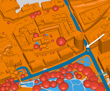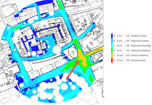 The figure below shows a proposed site layout for a project in the city of Bristol. let’s Imagine that you are the designer of this site and you want to run a pedestrian comfort analysis to understand if this site layout would suit the needs of the client. The client did specifically mention that just outside the cylindrical high-rise building he would like to open a coffee shop. This implies that the comfort in that area should be suitable for outdoor sitting.
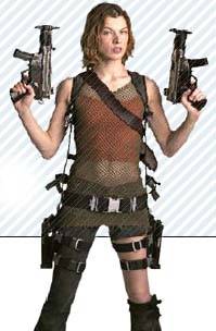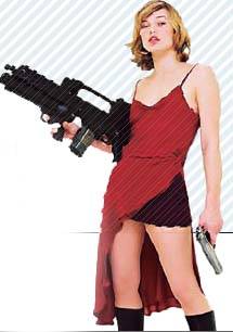 앨리스, 람보가 되다. 이제 앨 리스는 드레스가 아니라 탱크 톱에 팬츠 차림이다. 좀비를 벌집으로 만들기 위해, 권총·샷건· 기관총도 두 정씩 차고 다닌다.
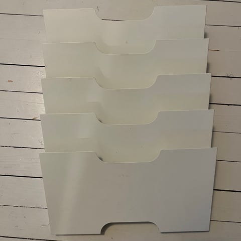 IKEA KVISSLE vegghylle for oppbevaring i hvit farge. Designet for å henges på vegg og organisere dokumenter eller små gjenstander.
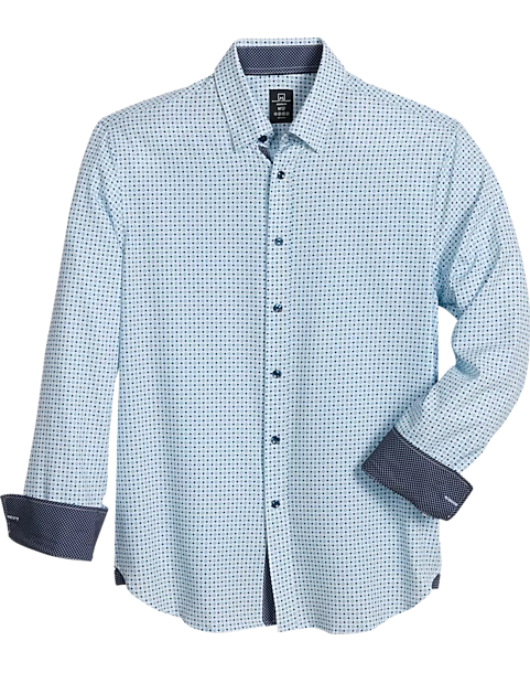 Michael Strahan Modern Fit Spread Collar 4-Way Stretch Sport Shirt, White Diamond Dot
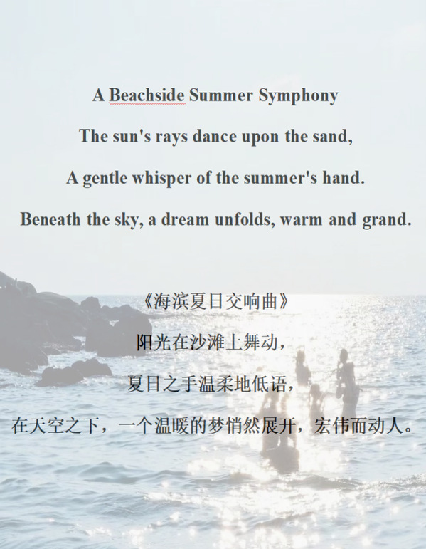 张晓颖同学的Twelves Years(《十二年》)与余海跃同学的A Beachiside Summer Symphony(《海滨夏日交响曲》)从不同的角度书写了梦想和奋斗。Twelves Years,写给青春岁月献给足球的汗水与拼搏,也承载着青春的热情与回忆,正值毕业季,不管是绿茵场,还是人生道,愿我们不留遗憾,永远奔跑。A Beachiside Summer Symphony,一个在夏天中温暖又宏伟的梦,是期待也是祝愿。诗中的文字充满了温情与感动,希望不管是离开矿大的毕业生还是即将来到矿大的新鲜血液都拥有美好的未来。
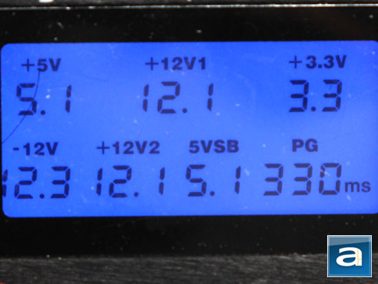 Voltages with minimal load are generally accurate, which is a basic requirement of power supplies out of the box. In this situation all are within 3%. The PG (Power Good) delay seems to be well within its rated range and general power supply standard of 330ms.

_Work instructions_: Without the pictures, restate all the entries above exactly.

_Reply to the task_:
 The figure below shows a proposed site layout for a project in the city of Bristol. let’s Imagine that you are the designer of this site and you want to run a pedestrian comfort analysis to understand if this site layout would suit the needs of the client. The client did specifically mention that just outside the cylindrical high-rise building he would like to open a coffee shop. This implies that the comfort in that area should be suitable for outdoor sitting.
 앨리스, 람보가 되다. 이제 앨 리스는 드레스가 아니라 탱크 톱에 팬츠 차림이다. 좀비를 벌집으로 만들기 위해, 권총·샷건· 기관총도 두 정씩 차고 다닌다.
 IKEA KVISSLE vegghylle for oppbevaring i hvit farge. Designet for å henges på vegg og organisere dokumenter eller små gjenstander.
 Michael Strahan Modern Fit Spread Collar 4-Way Stretch Sport Shirt, White Diamond Dot
 张晓颖同学的Twelves Years(《十二年》)与余海跃同学的A Beachiside Summer Symphony(《海滨夏日交响曲》)从不同的角度书写了梦想和奋斗。Twelves Years,写给青春岁月献给足球的汗水与拼搏,也承载着青春的热情与回忆,正值毕业季,不管是绿茵场,还是人生道,愿我们不留遗憾,永远奔跑。A Beachiside Summer Symphony,一个在夏天中温暖又宏伟的梦,是期待也是祝愿。诗中的文字充满了温情与感动,希望不管是离开矿大的毕业生还是即将来到矿大的新鲜血液都拥有美好的未来。
 Voltages with minimal load are generally accurate, which is a basic requirement of power supplies out of the box. In this situation all are within 3%. The PG (Power Good) delay seems to be well within its rated range and general power supply standard of 330ms.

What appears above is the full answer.